Given a filepath, you can open the file and use the `read` method to extract the contents as a string.

For example, if we want to import the full text of War and Peace, we can do that using the following block of code.

In [2]:
filepath = '../data/books/War and Peace by graf Leo Tolstoy.txt'

with open(filepath, encoding = 'utf-8') as fi:
    book = fi.read()

You'll notice that there is some metadata at the top of the file and at the bottom of the file.

In [3]:
book[:1000]

'\ufeffThe Project Gutenberg eBook of War and Peace, by Leo Tolstoy\n\nThis eBook is for the use of anyone anywhere in the United States and\nmost other parts of the world at no cost and with almost no restrictions\nwhatsoever. You may copy it, give it away or re-use it under the terms\nof the Project Gutenberg License included with this eBook or online at\nwww.gutenberg.org. If you are not located in the United States, you\nwill have to check the laws of the country where you are located before\nusing this eBook.\n\nTitle: War and Peace\n\nAuthor: Leo Tolstoy\n\nTranslators: Louise and Aylmer Maude\n\nRelease Date: April, 2001 [eBook #2600]\n[Most recently updated: January 21, 2019]\n\nLanguage: English\n\nCharacter set encoding: UTF-8\n\nProduced by: An Anonymous Volunteer and David Widger\n\n*** START OF THE PROJECT GUTENBERG EBOOK WAR AND PEACE ***\n\n\n\n\nWAR AND PEACE\n\n\nBy Leo Tolstoy/Tolstoi\n\n\n    Contents\n\n    BOOK ONE: 1805\n\n    CHAPTER I\n\n    CHAPTER II\n\n    CH

In [4]:
book[-18420:-18000]

'scious.\n\n\n\n\n*** END OF THE PROJECT GUTENBERG EBOOK WAR AND PEACE ***\n\nUpdated editions will replace the previous one--the old editions will\nbe renamed.\n\nCreating the works from print editions not protected by U.S. copyright\nlaw means that no one owns a United States copyright in these works,\nso the Foundation (and you!) can copy and distribute it in the\nUnited States without permission and without paying copyright\nro'

Write some code that will remove this text at the bottom and top of the string.

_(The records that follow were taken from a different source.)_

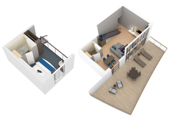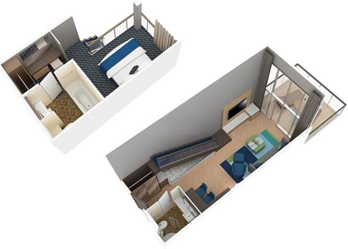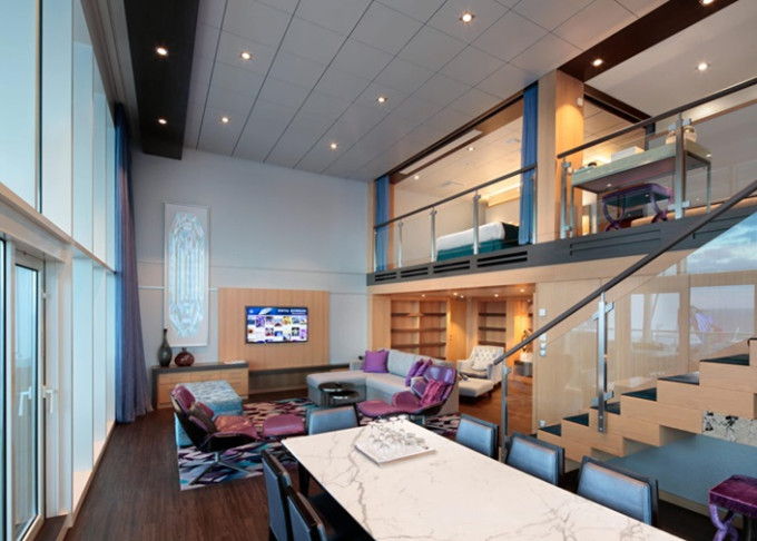 L1 - Crown Loft Suite s balkonem 50 m² / balkon 10 m². 2-podlažní apartmán. Výhody Royal Suite Class. 17. paluba. Max 4 osoby. 205 569 Kč 205 569 Kč za osobu
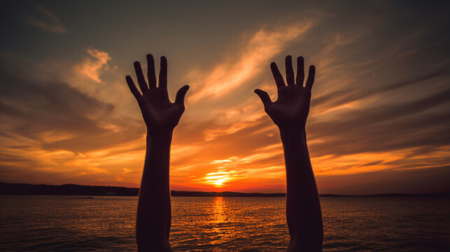 Two raised hands on the beach during sunset.
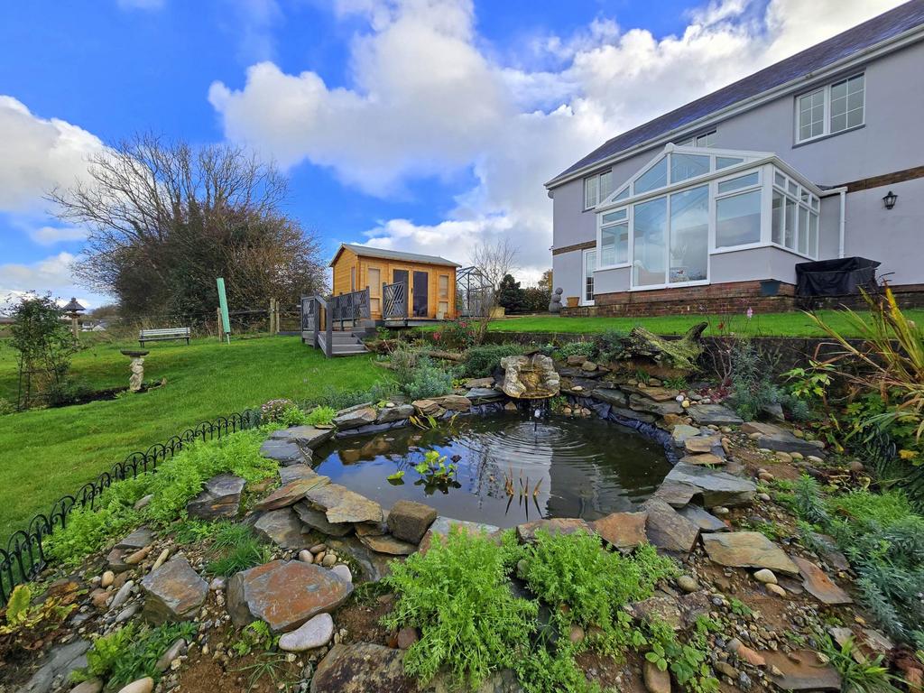 An ornamental pond with a gentle water feature brings a sense of tranquillity, enhanced by established hedge boundaries and mature shrubs that frame the space with privacy and year-round colour. A discreet storage shed provides everyday practicality without compromising the garden's elegance.

**Hint:** You might want to make use of the [`re.search`](https://docs.python.org/3/library/re.html#re.search) function from the `re` library.

In [5]:

FrontCover_MetaData = re.search(r"\*\*\*(.+)\*\*\*", book) #.group()
FrontCover_MetaData

<re.Match object; span=(775, 833), match='*** START OF THE PROJECT GUTENBERG EBOOK WAR AND >

In [6]:
FrontCover_MetaData_Examine = re.search(r"\*\*\*(.+)\*\*\*", book).group()
FrontCover_MetaData_Examine

'*** START OF THE PROJECT GUTENBERG EBOOK WAR AND PEACE ***'

In [7]:
FrontCover_MetaData.span()

(775, 833)

In [8]:
Front_Start_Pos = FrontCover_MetaData.span()[1]

In [9]:

BackCover_MetaData = re.search(r"\*\*\* END OF THE PROJECT GUTENBERG EBOOK(.+)", book) #.group()   # \n\n\n\n\n\
BackCover_MetaData

<re.Match object; span=(3209115, 3209171), match='*** END OF THE PROJECT GUTENBERG EBOOK WAR AND PE>

In [10]:
BackCover_MetaData_Examine = re.search(r"\*\*\* END OF THE PROJECT GUTENBERG EBOOK(.+)", book).group()   # \n\n\n\n\n\
BackCover_MetaData_Examine

'*** END OF THE PROJECT GUTENBERG EBOOK WAR AND PEACE ***'

In [11]:
BackCover_MetaData.span()

(3209115, 3209171)

In [12]:
BackCover_MetaData.span()[0]

3209115

In [13]:
Rear_End_Pos = BackCover_MetaData.span()[0]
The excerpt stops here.